Nama : Nur Asril Yuda F
NIM : 2011030008
MAHASISWA PROGRAM PASCA SARJANA PRODI ILMU LINGKUNGAN UNDANA
Dasar Teori : Salah satu misi PDHI (Perhimpunan Dokter Hewan Indonesia) adalah “Meningkatkan lingkaran pengarusutamaan dan kepedulian terhadap kesehatan masyarakat veteriner, kesehatan lingkungan dan kesejahteraan hewan”.

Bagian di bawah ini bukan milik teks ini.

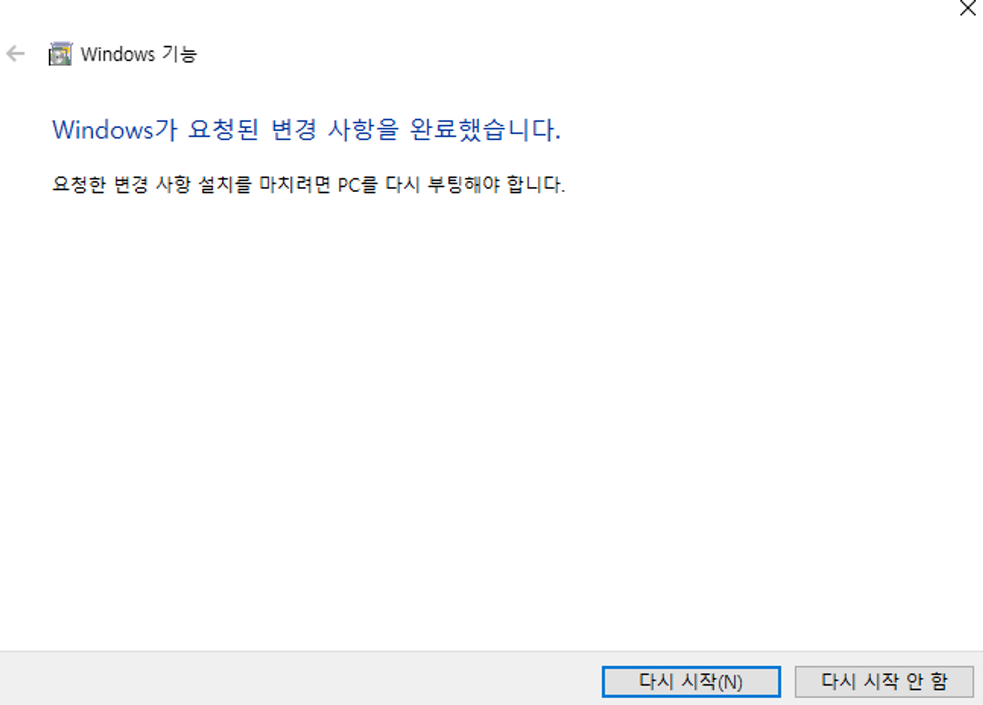 설치가 완료되면 컴퓨터를 재부팅 한다. 왠만하면 다시시작을 클릭하고 재부팅하자.

Kesejahteraan hewan didefinisikan segala urusan yang berhubungan dengan keadaan fisik dan mental hewan menurut ukuran perilaku alami hewan yang perlu diterapkan dan ditegakkan untuk melindungi hewan dari perlakuan setiap orang yang tidak layak terhadap hewan yang dimanfaatkan manusia (Undang-undang 18 Tahun 2009 juncto Nomor 41 Tahun 2014 tentang Peternakan dan Kesehatan Hewan).
Ada 5 Prinsip Kesrawan (5 Freedom), yaitu :
Bebas dari rasa lapar, haus dan malnutrisi (freedom from hunger, thirsty, and malnutirition)
Bebas dari rasa tidak nyaman fisik dan suhu udara (freedom from discomfort physically and air temperature)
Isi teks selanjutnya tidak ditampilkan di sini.